It's heroin. That's what it is. It's heroin.
But there's a glow.
I know, because it's the glow. Everyone wants to get high. That's what it is. Ugh. This movie about essentially heroin addicts. I mean, that's essentially at the end of the day what it is. And these weird criminals that we don't know what they do. We don't know why they do it. We don't know why they can call somebody and have a car cleaned up. We don't know why all that.
Quentin Tarantino introduces us to a new type of movie, a pulp fiction, essentially like the old pulp magazines that they had. You know, they're just kind of these detective, whatever, these weird noir movies. that then came to real life in Pulp Fiction. It is, again, another non-sequential movie that happens in weird timing, weird pacing, but it is beautifully shot.
Uma Thurman was born to play that role.
Oh, born to play the role.
I can't now think of anybody except for John Travolta, who I would rather have playing that.

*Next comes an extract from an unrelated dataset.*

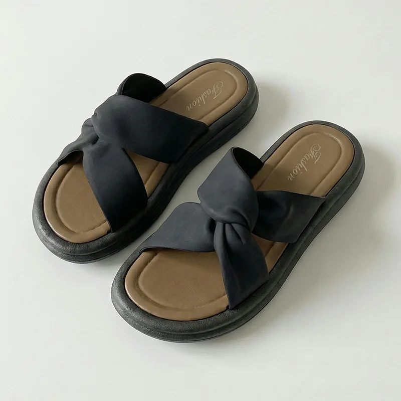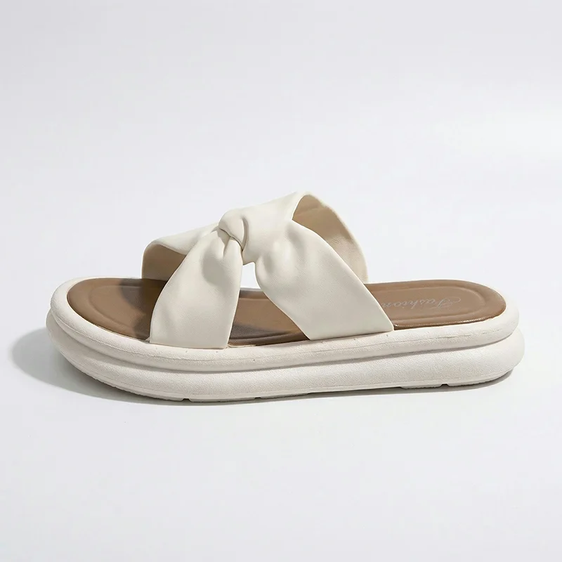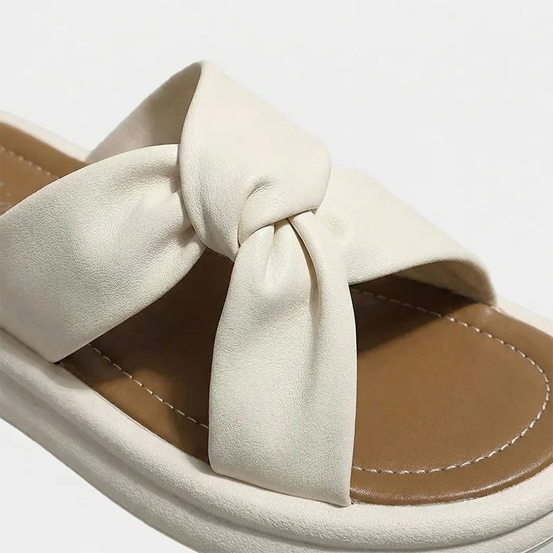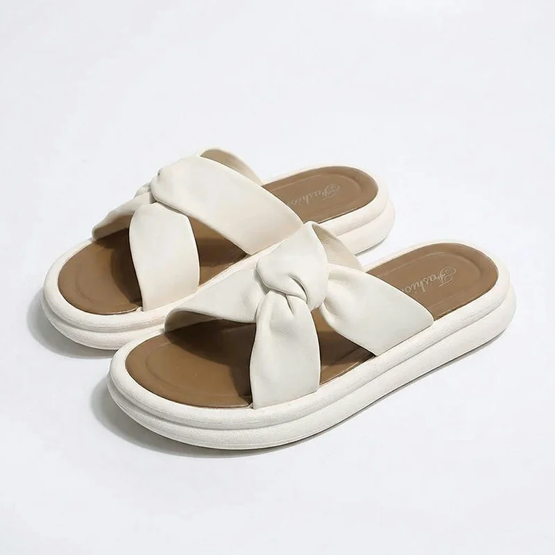 Ik heb gevoelige voeten, maar deze sandalen voelen zacht en ondersteunend. De bandjes snijden niet, en de geknoopte bovenkant laat zelfs simpele outfits verzorgd ogen.

And Samuel L. Jackson is menacingly scary in that movie. Scary. Yes. Sam Jackson would make a name for himself in that movie. And the first 15 minutes of that movie tells you everything that you need to know about Sam Jackson's character. He is scary as shit. Loved Pulp Fiction.
Watched it a million times. Loved Reservoir Dogs. Watched it a million times.
I mean, I like all of Quentin Tarantino's stuff.